Record low for Mississippi River affecting local wetlands

As 55 percent of the country has been swept by one of the most severe droughts in the past 50 years, the Mississippi River has been running at a record low.

Chuck Villarrubia, senior coastal scientist with the Coastal Protection Restoration Authority, said the river levels in the New Orleans area are at a record low for the month of July going back to when river level records started being kept in 1935.

“The stage right now at New Orleans with the data I have is at 2.4 feet (above sea level) and the average stage for the month of July is 9.8 feet,” Villarrubia said. “The minimum stage I have in the database that goes back to 1935 is 6.3, so yes it is low.”

Reports coming out of upriver areas near Vicksburg, Miss. have said boats and barges transporting goods along the waterway have scraped bottom across sandbars developed by the sediment displaced by the low waters.

Usually the water levels at this time of year cause a discussion as to whether the Bonnet Carre Spillway should be opened to relieve pressure. This year, however, the local effect of the drought means the Davis Pond Freshwater Diversion in Luling is not diverting freshwater from the river into the surrounding marshland, Lake Cataouatche and the Barataria Basin as a whole, which results in higher saltwater counts.

While Villarrubia said it is not uncommon for the marshland and Lake Cataouatche to have high saltwater counts, it usually does not start this early.

“It does happen in the fall. In the fall you’ll have high salinity rates particularly if you’re not getting any rain and we haven’t had a chance to put much water into the lake,” Villarrubia said. “It’s just happened a little earlier because of the low river stage.”

The diversion pond was built in 1997 to help restore ecological conditions to the wetlands by imitating historic spring floods that provide fresh water and nutrients from the Mississippi to the Barataria Bay estuary. The pond is also aimed at stemming land loss in the area and improving the wildlife habitat and local fisheries.

Right now, the salinity levels are above average for the region. Villarrubia said at the midpoint of the Barataria Basin the count is high.

“The target area is six to ten parts per thousand and when I just looked at the numbers a minute ago it’s between ten and 12 parts per thousand, so it’s a tad high,” Villarrubia said.

Villarrubia said the higher saltwater count may result in some ecological effects.

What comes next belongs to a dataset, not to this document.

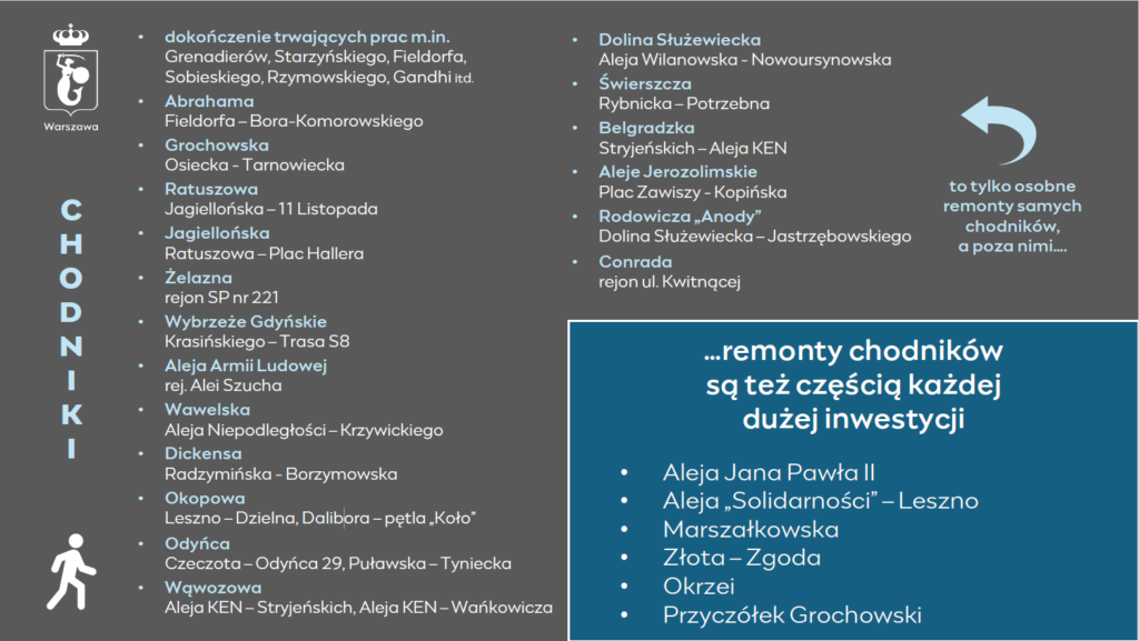 ZDM ma w planach modernizację Alei Jerozolimskich. Drogowcy wymienią asfalt na odcinku od Placu Zawiszy do ulicy Sokołowskiego „Grzymały”. Drugą dużą inwestycją będzie remont całej długości Alei Sztandarów w Rembertowie (od al. Chruściela „Montera” do ul. Czwartaków).

“High salinity like that is a stressor to the plants. It could reflect next year’s growth,” he said. “It can affect some growth of the plants. We’d rather push this back if we could, but if we don’t get the rain there’s not much we can do.”

If the plants are affected in the region then so might the local wildlife and seafood harvests. If plants die altogether their roots will no longer hold the soil together and coastal erosion will progress.

“They start going and that creates more erosion and increases the tidal prism and that is what has really happened to begin with,” Villarrubia said. “Without the river it’s all organic. When it’s all organic, the plants can only keep up through relative sea-level because they are growing faster because (the plants don’t) have the settlement and the salinity stresses things and they can’t grow as fast.”

Recent rains will undoubtedly help, but Villarrubia said it is going to take a whole lot more to bring the river back to normal for this time of year.

“We’ll just have to see how it goes and if the river comes back,” he said.